**Task prompt**. Write back every line of the listing exactly, excluding images.

**Provided material**.
%%

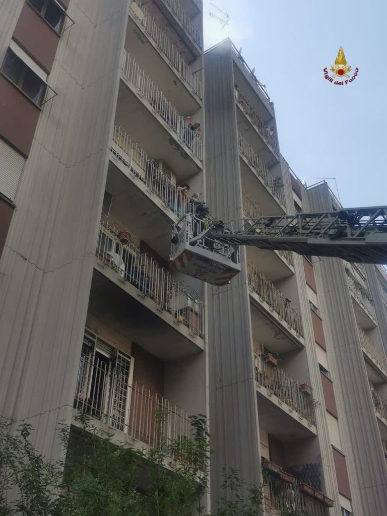Il fumo che si è sviluppato ha invaso completamente le scale condominiali e sono intervenuti i Vigili del Fuoco mettendo in salvo con l’autoscala alcuni condómini che non riuscivano a uscire di casa per la nube. Diciotto persone sono rimaste lievemente intossicate e portate in ospedale. Temporaneamente il palazzo è inagibile per il fumo. Alessandro Pino (Foto Comando Provinciale Vigili del Fuoco Roma)
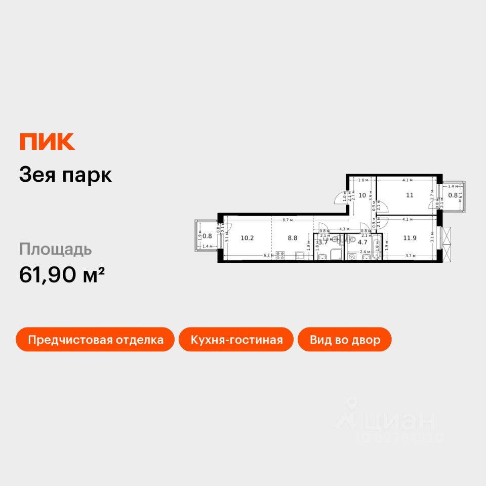 Продаётся 2-комн. квартира площадью 61,9 кв.м на 6 этаже 9 этажного дома (Корпус 1, Секция 2) проекта ПИК Зея парк. Светлый просторный подъезд на уровне земли, функциональная планировка, большие окна, предчистовая отделка.
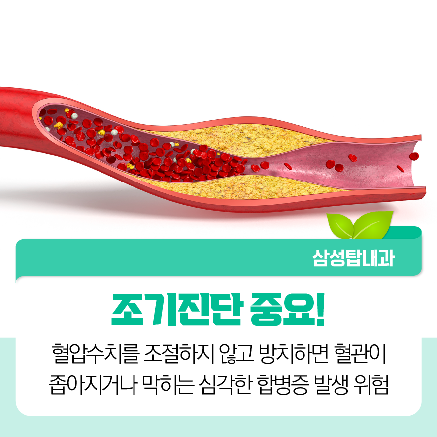 심각한 합병증 예방을 위해 조기진단이 중요!고혈압은 진단 시기도 늦어질 확률이 높고, 진단되어도 증상이 없는 치료를 하지 않고 방치해 버리는 경우가 많습니다만. 혈압수치를 조절하지 않고 방치하면 혈관이 좁아지거나 막히는 심각한 합병증이 발생할 수 있습니다.

%%

**Problem solution**.
Il fumo che si è sviluppato ha invaso completamente le scale condominiali e sono intervenuti i Vigili del Fuoco mettendo in salvo con l’autoscala alcuni condómini che non riuscivano a uscire di casa per la nube. Diciotto persone sono rimaste lievemente intossicate e portate in ospedale. Temporaneamente il palazzo è inagibile per il fumo. Alessandro Pino (Foto Comando Provinciale Vigili del Fuoco Roma)
 Продаётся 2-комн. квартира площадью 61,9 кв.м на 6 этаже 9 этажного дома (Корпус 1, Секция 2) проекта ПИК Зея парк. Светлый просторный подъезд на уровне земли, функциональная планировка, большие окна, предчистовая отделка.
 심각한 합병증 예방을 위해 조기진단이 중요!고혈압은 진단 시기도 늦어질 확률이 높고, 진단되어도 증상이 없는 치료를 하지 않고 방치해 버리는 경우가 많습니다만. 혈압수치를 조절하지 않고 방치하면 혈관이 좁아지거나 막히는 심각한 합병증이 발생할 수 있습니다.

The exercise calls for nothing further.